# [WORK ORDER]
Only the lines below from the one that holds "Tattoo Laboratory по" through the one that holds "vielen dank für" should appear in the answer, copied exactly, end lines included and pictures omitted.

# [WORKING DATA]
##############################
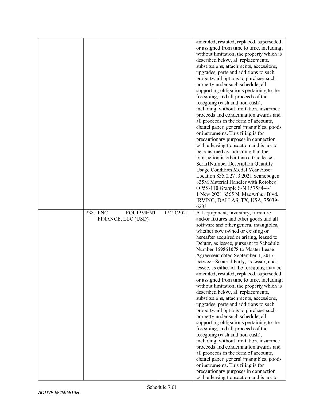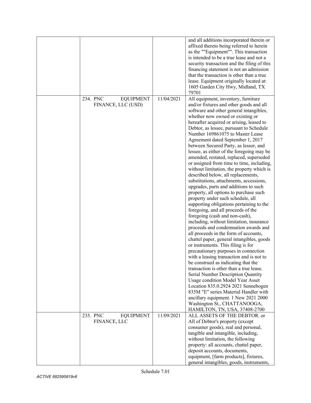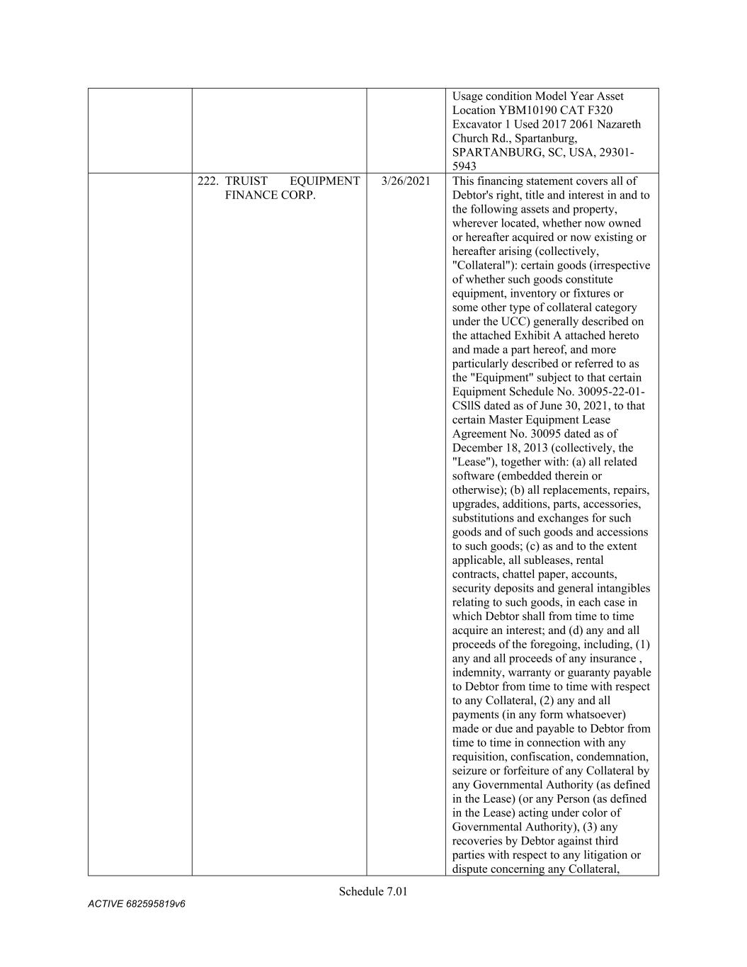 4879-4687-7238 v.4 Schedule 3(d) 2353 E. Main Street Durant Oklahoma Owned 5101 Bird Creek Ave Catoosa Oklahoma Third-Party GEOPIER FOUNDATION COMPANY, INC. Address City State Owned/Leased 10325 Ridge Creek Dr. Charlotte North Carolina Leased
##############################
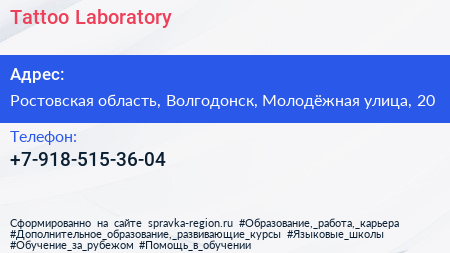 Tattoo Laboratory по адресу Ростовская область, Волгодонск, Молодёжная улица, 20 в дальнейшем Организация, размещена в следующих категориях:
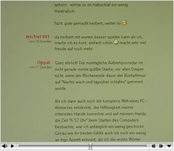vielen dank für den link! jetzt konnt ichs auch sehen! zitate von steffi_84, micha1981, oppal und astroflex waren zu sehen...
##############################
# [RESULT OF THE EXERCISE]
 Tattoo Laboratory по адресу Ростовская область, Волгодонск, Молодёжная улица, 20 в дальнейшем Организация, размещена в следующих категориях:
vielen dank für den link! jetzt konnt ichs auch sehen! zitate von steffi_84, micha1981, oppal und astroflex waren zu sehen...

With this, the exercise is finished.